1. train a trigram language model, i.e. take two characters as an input to predict the 3rd one. Feel free to use either counting or a neural net. Evaluate the loss; Did it improve over a bigram model?
2. split up the dataset randomly into 80% train set, 10% dev set, 10% test set. Train the bigram and trigram models only on the training set. Evaluate them on dev and test splits.

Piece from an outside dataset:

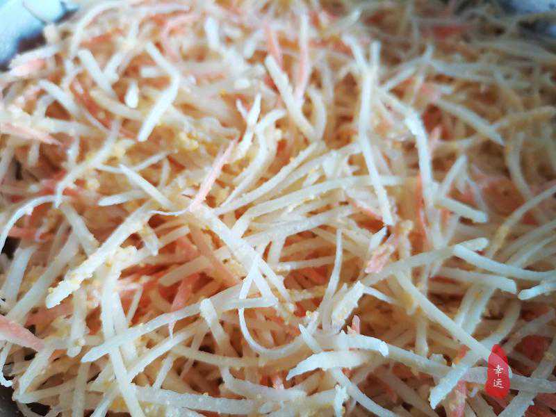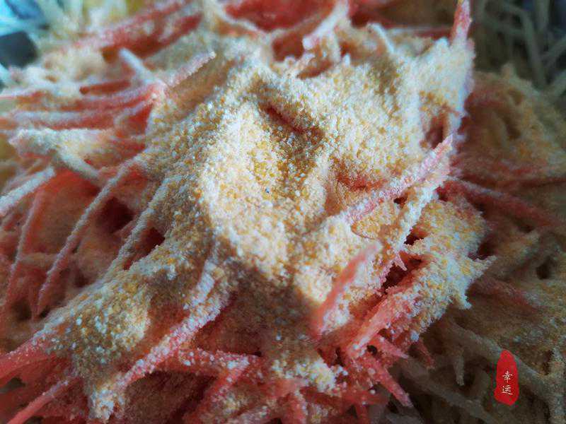 2、给土豆和胡萝卜裹玉米面和面粉时,要少量多次加入;裹好后不沾手即可,但千万别过量哦。

What can you see?
3. use the dev set to tune the strength of smoothing (or regularization) for the trigram model - i.e. try many possibilities and see which one works best based on the dev set loss. What patterns can you see in the train and dev set loss as you tune this strength? Take the best setting of the smoothing and evaluate on the test set once and at the end. How good of a loss do you achieve?
4. we saw that our 1-hot vectors merely select a row of W, so producing these vectors explicitly feels wasteful. Can you delete our use of F.one_hot in favor of simply indexing into rows of W?
5. look up and use F.cross_entropy instead. You should achieve the same result. Can you think of why we'd prefer to use F.cross_entropy instead?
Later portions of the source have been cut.